If only it were so, Fotsev thought. He’d had too many painful lessons about what the Tosevites could do. And he hadn’t had a particularly hard time of it, not as the fighting went. Other males told stories much worse than any he had.

Still, thinking about what he’d seen over the years since the conquest fleet arrived was enough to tempt him to reach for one of the vials of ginger he carried in his belt pouch. With a distinct effort of will, he checked himself. He’d have time later. He wouldn’t have tasted back on Home, and he was trying his best to pretend he was there now.

What would he have done? He would have gone and drunk some distilled potation. He could do that here, easily enough. He strolled into one of the places that sold such potations.

As per custom immemorial, it was dark and quiet inside. What light there was suited his eyes better than the somewhat harsher glare of the star Tosev. Several males from the new city sat on chairs and stools, talking about work and friends, as they would have back on Home.

Fotsev walked up to the server. The bottles behind the male were all of Tosevite manufacture. Fotsev supposed he shouldn’t have been disappointed. As with realizing ginger had reached the new town, he was. He gave the server his account card. “Let me have a glass from that one there,” he said, pointing to the drink he wanted. “I have had it before, and it is not bad.”

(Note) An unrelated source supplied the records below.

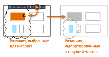 С помощью панели инструментов сравнения файлов DWG можно импортировать различия из сравниваемого чертежа в текущий. Поддерживается импорт только тех объектов сравниваемого чертежа, которые отличаются от объектов текущего чертежа. Данная команда обеспечивает эффективный способ согласования текущего чертежа с более ранней версией.
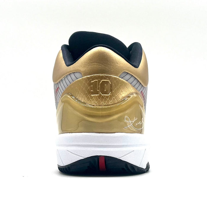 Honor the Black Mamba's Olympic legacy with the Nike Kobe 4 Protro Gold Medal (2024). This brand new pair celebrates Kobe Bryant's incredible Olympic achievements with a premium gold medal colorway that embodies championship excellence. The advanced Protro technology delivers modern performance while maintaining the classic Kobe 4 aesthetic that defined an era of basketball greatness.
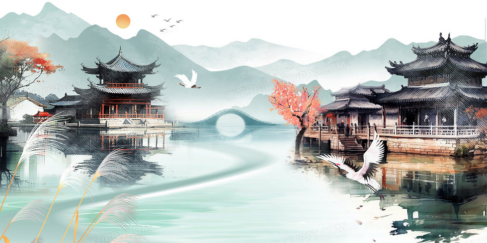 本作品内容为古风亭台楼阁山水背景, 格式为 psd, 大小103 MB, 图片尺寸为4722 x 2361, 作品中背景图片无需修改, 源文件无水印,可以直接使用, 欢迎使用熊猫办公。 如认为平台内容涉嫌侵权,可通过邮件:tousu@tukuppt.com提出书面通知,我们将及时处理。
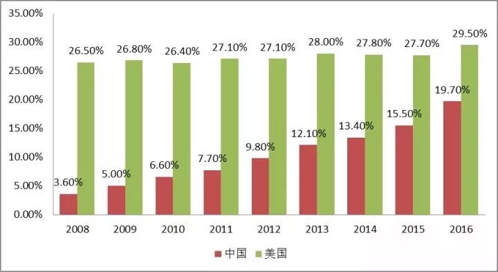 個人消費貸款ABS的爆發(fā)式增長昭示國內(nèi)消費金融資產(chǎn)證券化市場的發(fā)展前景廣闊,據(jù)波士頓咨詢近期發(fā)布的一份數(shù)據(jù)顯示,從2017年到2020年,中國消費貸款余額年均復合增長率是20%-24%,2020年預計達到14萬億人民幣,消費信貸市場潛力巨大。近十年,中國消費信貸占消費支出比例逐年增加。截至2016年末,中國消費信貸占消費支出比例已經(jīng)達到19.70%,較美國低9.80%,差距進一步縮小,消費金融ABS市場將繼續(xù)保持快速發(fā)展。
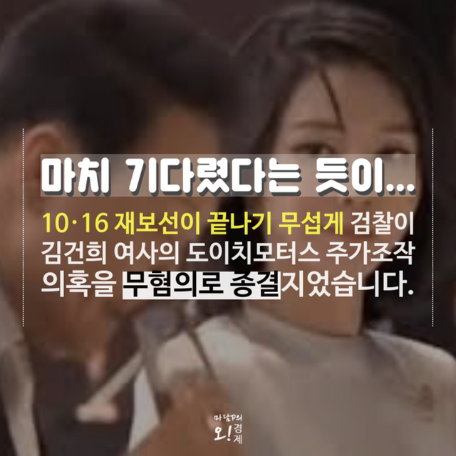 [프라임경제] 10·16 재보선이 끝난 직후 검찰이 김건희 여사의 도이치모터스 주가조작 의혹에 대해 무혐의 결정을 내렸다. 2020년 4월 고발장이 접수된 지 4년 6개월 만에 나온 결과다.
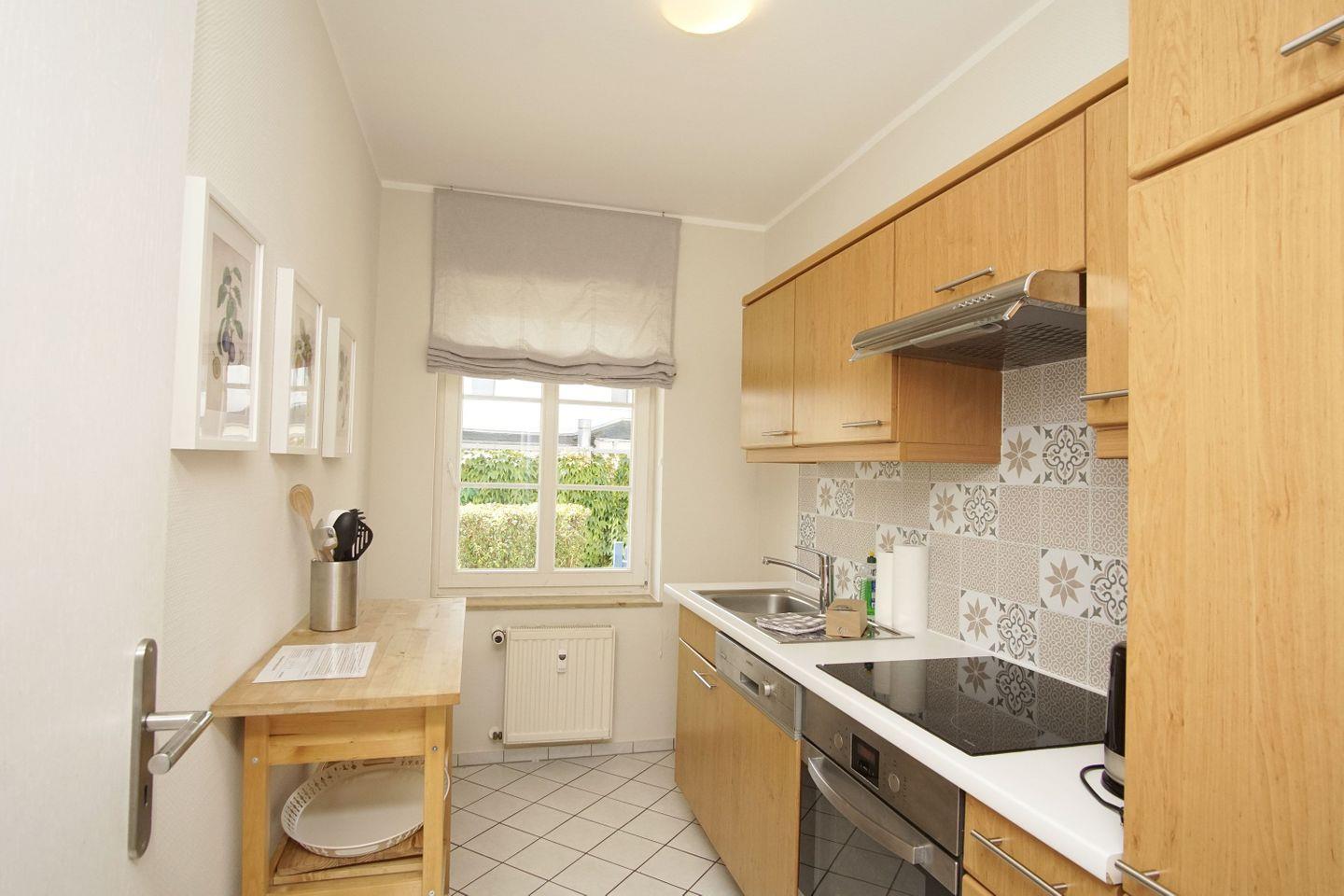 KÜCHE // separate Küche, 4-Platten Herd, Spülmaschine, Kühlschrank mit Gefrierfach, Backofen, Toaster, Wasserkocher, Kaffeemaschine, reichlich Besteck, Geschirr und Küchenutensilien ++

The server billed his card, then gave him the drink. The price he had to pay for it disappointed him, too. He could have got the like from a Big Ugly in Basra for half as much in barter. He’d heard the local Tosevites’ superstition forbade them from drinking alcohol, but had seen little proof of it.

But some of the things he was paying for here were a room that suited his kind and getting away from the Big Uglies. He raised his glass in salute. “To the Emperor!” he exclaimed, and drank.

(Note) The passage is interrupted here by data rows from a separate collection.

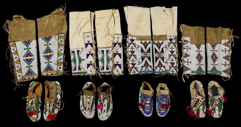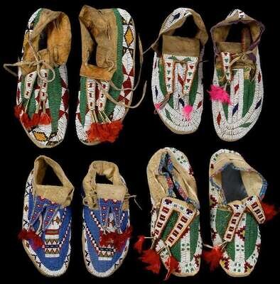 Four pairs of Sioux beaded ceremonial moccasins first half 20th century, fort yates area
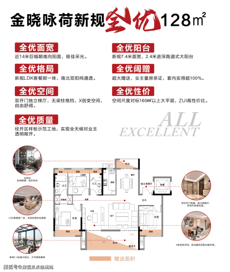 以洋房128㎡户型为例,全户型面宽近 14米,客厅阳台 7.4 米,完全可以对标市场上150㎡大平层尺度。客阳区域采用无梁柱设计、LDK 客餐厨阳一体贯通,南北双阳台、通透性拉满。实际使用率超 100%。私密性也更强,独立私家电梯厅、双开门电梯,互不干扰,保障了居民的隐私。
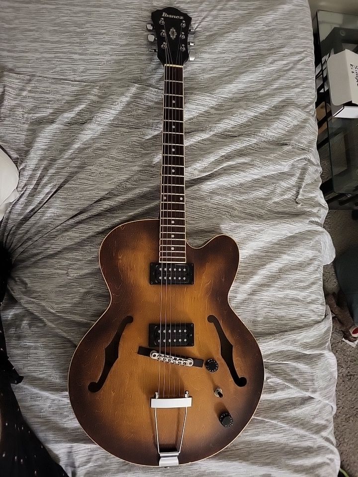 This is an Ibanez AF55-TF (Tobacco Flat finish) from the Artcore series — a full-hollowbody electric guitar designed for jazz, blues, rockabilly, and other warm, resonant tones.
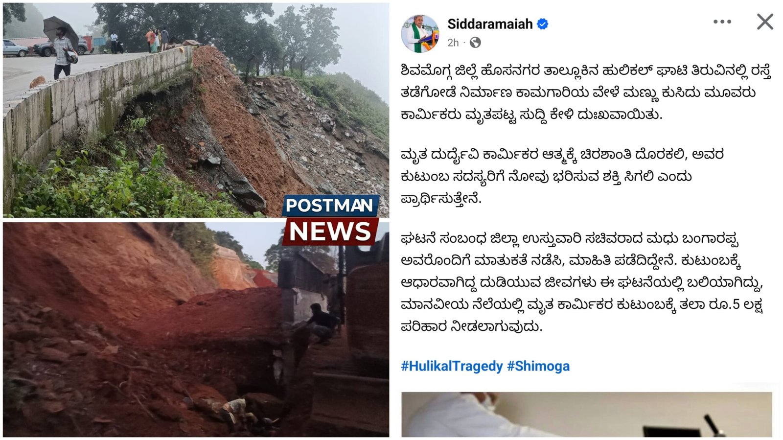 Karnataka CM Siddaramaiah announces ₹5 lakh compensation for families of three workers killed in Hulikal Ghat landslide in Shivamogga. Four others are critically injured.
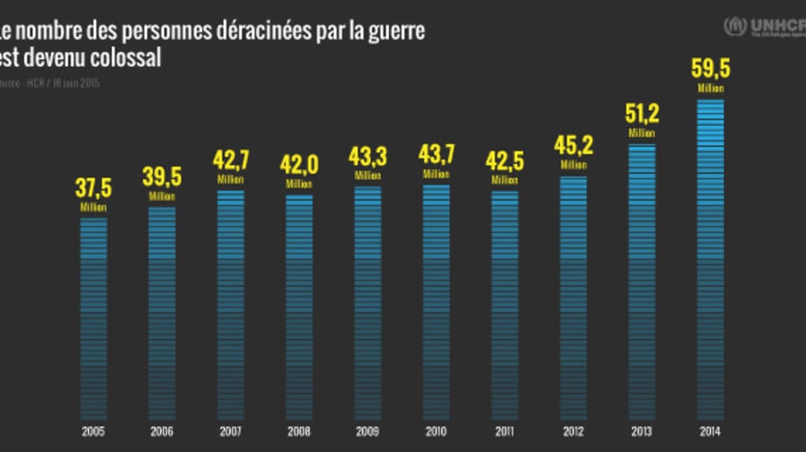 Le tout dernier Rapport du HCR sur les Tendances mondiales, publié jeudi, fait état d'une hausse considérable du nombre de personnes forcées à fuir, avec 59,5 millions de déracinés à la fin 2014 en comparaison de 51,2 millions l'année précédente et 37,5 millions il y a une décennie. L'augmentation depuis 2013 est la plus importante jamais enregistrée en une seule année.

“To the Emperor,” the server echoed, and cast down his eyes, as he should have done. Then, after reading Fotsev’s body paint, he said, “I would have thought you soldiers would forget the Emperor after so many years on this miserable planet.”

“That could never happen,” Fotsev said with an emphatic cough. “If I do not remember him, spirits of Emperors past will forget me when I die.”

“How can you males of the conquest fleet remember anything?” the server asked. “Everything on this world seems topsy-turvy; nothing is the same from one moment to the next.”

“Truth there,” Fotsev agreed.

A female sitting at the table not far away turned an eye turret toward him. “How could you of the conquest fleet not give us a properly conquered planet?” she demanded. “Too many of these wild Big Ugly creatures are still running their own affairs, and even the ones that are supposed to be conquered are not safe. That is what everyone keeps shouting at us, anyhow.”

“Those creatures turned out not to be what we thought they were,” Fotsev answered. “They were much more advanced than we expected, and are still more advanced today.”

“When the conquest fleet came, they were less advanced than we are,” the server said. “Is that truth, or is it not?”

“It is,” Fotsev began, “but-”

“Then you should have defeated them,” the server broke in, as if the continued independence of some Tosevites were Fotsev’s fault and his alone. “That you failed speaks only of your own incompetence.”

“Truth,” the female said, and a couple of her companions made the affirmative hand gesture. “We came here to a world that was not ready for us, and whose fault is that? Yours!”

Fotsev finished his alcohol, slid off his seat, and left the establishment without another word. He had already seen that the colonists had a hard time fitting in when they came to Basra. But he’d never imagined the reverse might be true, that he might have a hard time fitting in when he came to the new town.

Tosev 3 had changed him. Tosev 3 had changed every male in the conquest fleet. The males and females of the colonization fleet remained unchanged. They might have been on Home yesterday. And he did not fit with them. What did that say? Nothing he wanted to hear. He took out the ginger after all, and had a big taste. With the herb coursing through him, he didn’t have to listen, whatever it was.